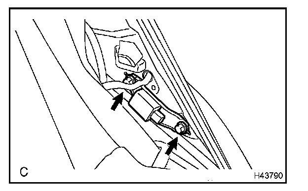 - When installing the airbag sensor rear, be careful that the SRS wiring does not interfere with other parts and that it is not pinched between other parts.
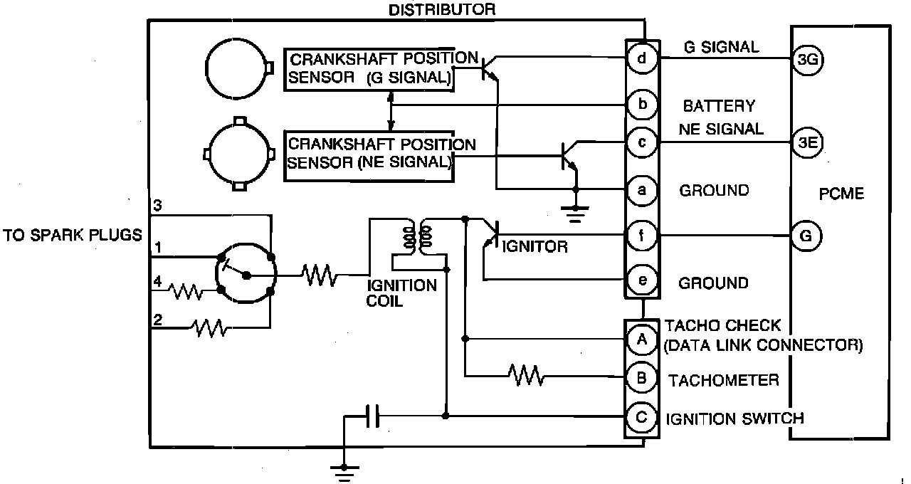 Each time current flow is interrupted, high voltage is induced to fire the spark plugs. Except for initial setting, timing is PCME controlled.
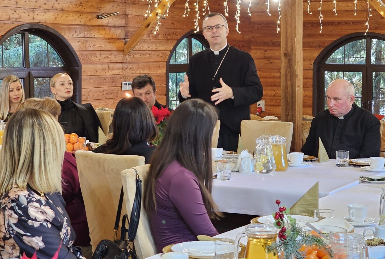 Po przełamaniu się opłatkiem biskup zasiadł z pracownikami Caritas do wspólnej wieczerzy.
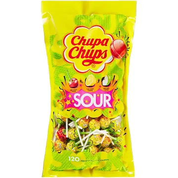Chupa Chups Sour 120 Assorted Flavour Sour Lollipops 1.4kg
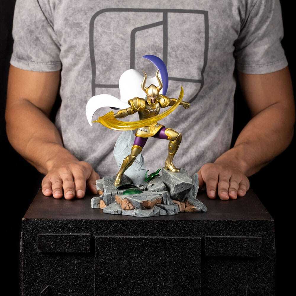 Fabricada en resina de alta calidad a escala 1 , esta pieza pintada a mano presenta una escultura intrincada y una base inspirada en los Doce Templos del Zodiaco. Un homenaje imprescindible para los fans de Los Caballeros del Zodiaco, que rinde homenaje a uno de los guerreros más nobles del Santuario.
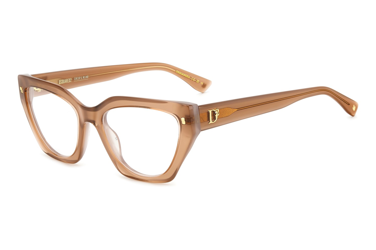 These eyeglasses for women by DSQUARED2 are a true gem to flaunt day after day. The acetate frames have bevelled edges for a multifaceted look, offered in feminine shapes. Set against a classic colour palette, the brand's inserts stand out: rivets on the front, a D2 logo, the CERESIO 9, MILANO inscription on the inside of the right temple, and the maple leaf on the end tips.
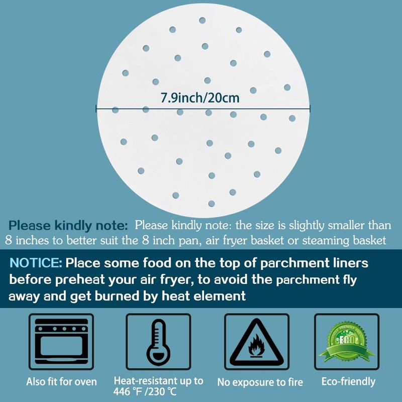 - LOTS OF PREPARED HOLES - Our perforated parchment liners is professional designed for air fryer/ steamer. Enough and proper holes help to speed up the steam circulation in air fryers or steamers.
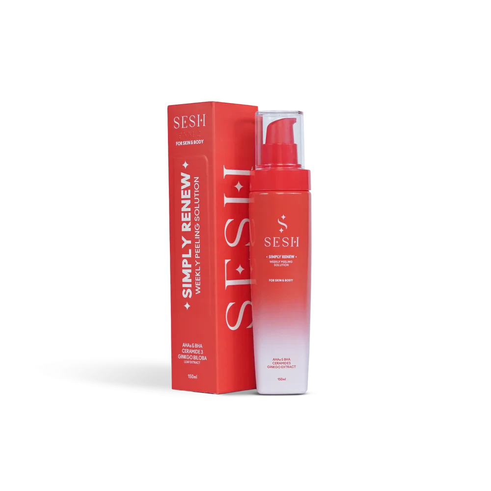 محلول التقشير الأسبوعي Simply Renew من Sesh هو علاج تقشير فعال لوجهك وجسمك. يجمع بين أحماض ألفا هيدروكسي (AHAs) وأحماض بيتا هيدروكسي (BHAs) لتحسين ملمس البشرة، وتوحيد لونها، وتعزيز إنتاج الكولاجين، وتفتيحها. حمض الساليسيليك يُنظف المسام ويُنظم إفراز الزيوت، بينما تُزيل أحماض ألفا هيدروكسي (AHAs) خلايا الجلد الميتة بلطف لإطلالة شبابية. السيراميد يُرطب البشرة ويحميها، بينما يُهدئ مُستخلص الجنكة البشرة ويُعزز شفائها. يُعالج هذا المحلول حب الشباب في الجسم، والبقع الخشنة، والشعر الناشئ تحت الجلد، والمناطق الداكنة، ليترك بشرتك مُشرقة ومتجددة.
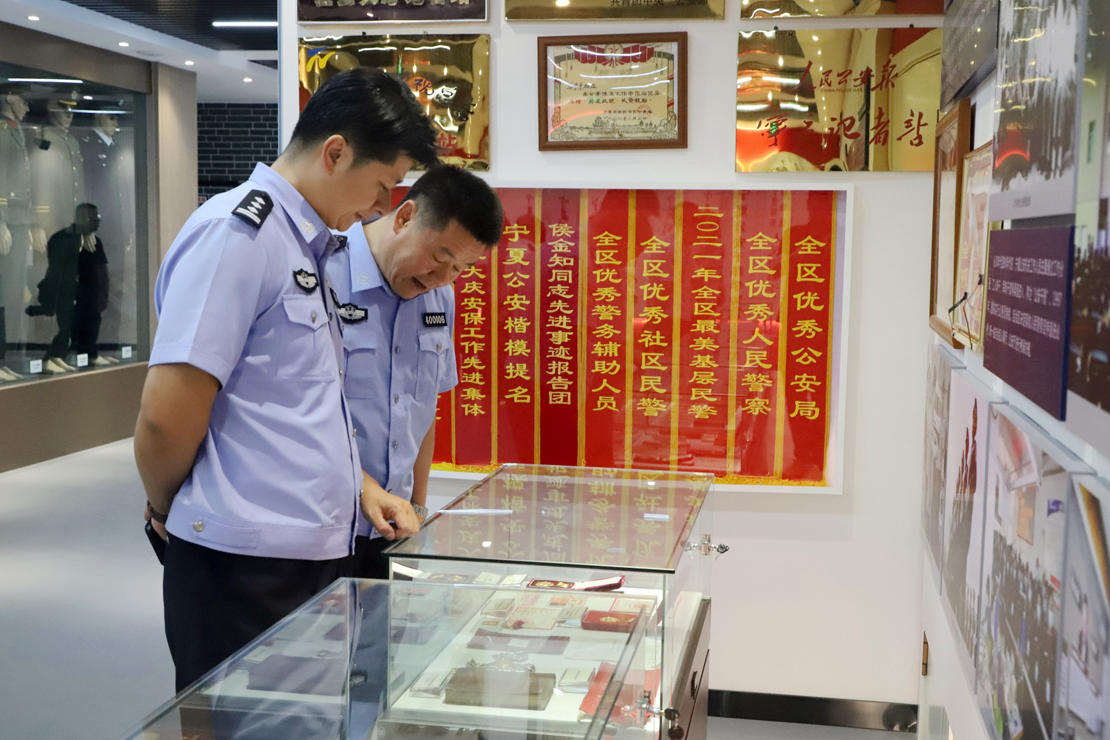 參加人員集中觀看了短片《印記:寧夏人民公安發(fā)展歷程》,并參觀博物館展廳。大家認真聽取講解員講解,深情凝望一張張生動感人的歷史照片,認真端詳一件件彌足珍貴的史料實物,不時駐足詢問,了解寧夏公安文物相關細節(jié),感受老一輩公安同志在艱苦環(huán)境中無私奉獻的忠誠執(zhí)著,感受公安英模在危難時刻挺身而出的英勇無畏,感受基層民警扎根基層服務群眾的溫暖時刻,回望新時代公安隊伍科技強警、改革創(chuàng)新的奮進足跡。
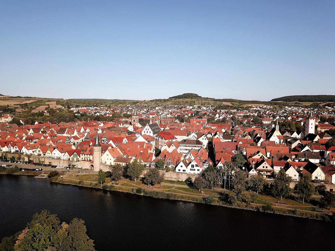 Nachdem wir uns eingerichtet haben spazieren wir dem Main entlang und sammeln Baumnüsse und Kastanien. Bevor wir in das Städtchen gehen, lasse ich noch die Drohne steigen, um ein paar Aufnahmen zu machen. Nach dem Stadtbummel nehmen wir das Abendessen im Städtchen ein, es gibt geschmorte Ochsenbäckchen.
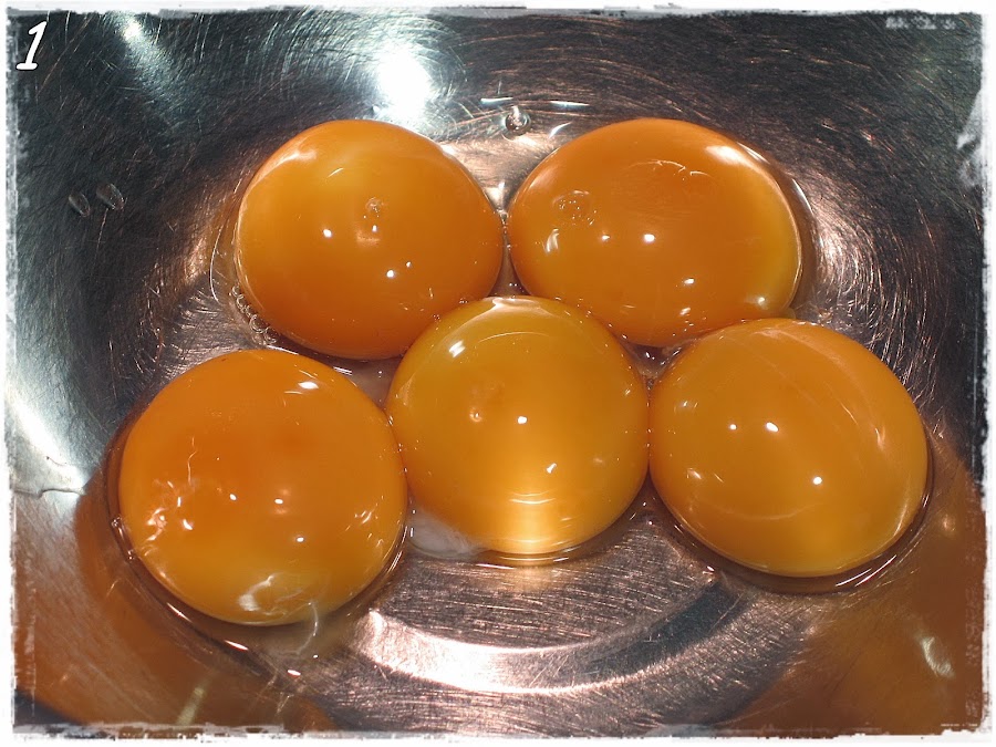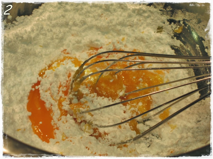 Añadimos el azúcar glacé a las yemas y mezclamos bien.
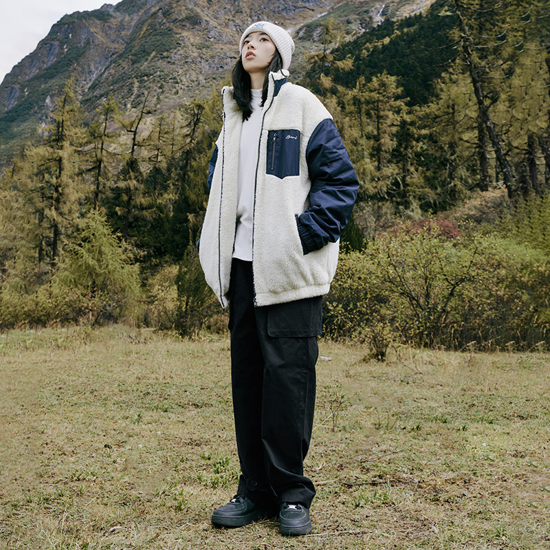 Jenny Space Agency Harajuku Style Stitching Contrast Color Salt Fried Street Lamb Plush Padded Jacket Women's Winter All-Match Tops - Taobao
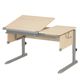 rostoucí psací stůl pro děti, dělená pracovní plocha, vhodný pro praváky i leváky, stříbrná - deska javor, vyroben v Německu

● REQUIRED ACTION
Looking at the listing above, which lines run from the one containing "These eyeglasses for" through the one containing "- LOTS OF PREPARED"? Print exactly those, ends included, pictures excluded.

● ANSWER TO THIS PROBLEM
 These eyeglasses for women by DSQUARED2 are a true gem to flaunt day after day. The acetate frames have bevelled edges for a multifaceted look, offered in feminine shapes. Set against a classic colour palette, the brand's inserts stand out: rivets on the front, a D2 logo, the CERESIO 9, MILANO inscription on the inside of the right temple, and the maple leaf on the end tips.
 - LOTS OF PREPARED HOLES - Our perforated parchment liners is professional designed for air fryer/ steamer. Enough and proper holes help to speed up the steam circulation in air fryers or steamers.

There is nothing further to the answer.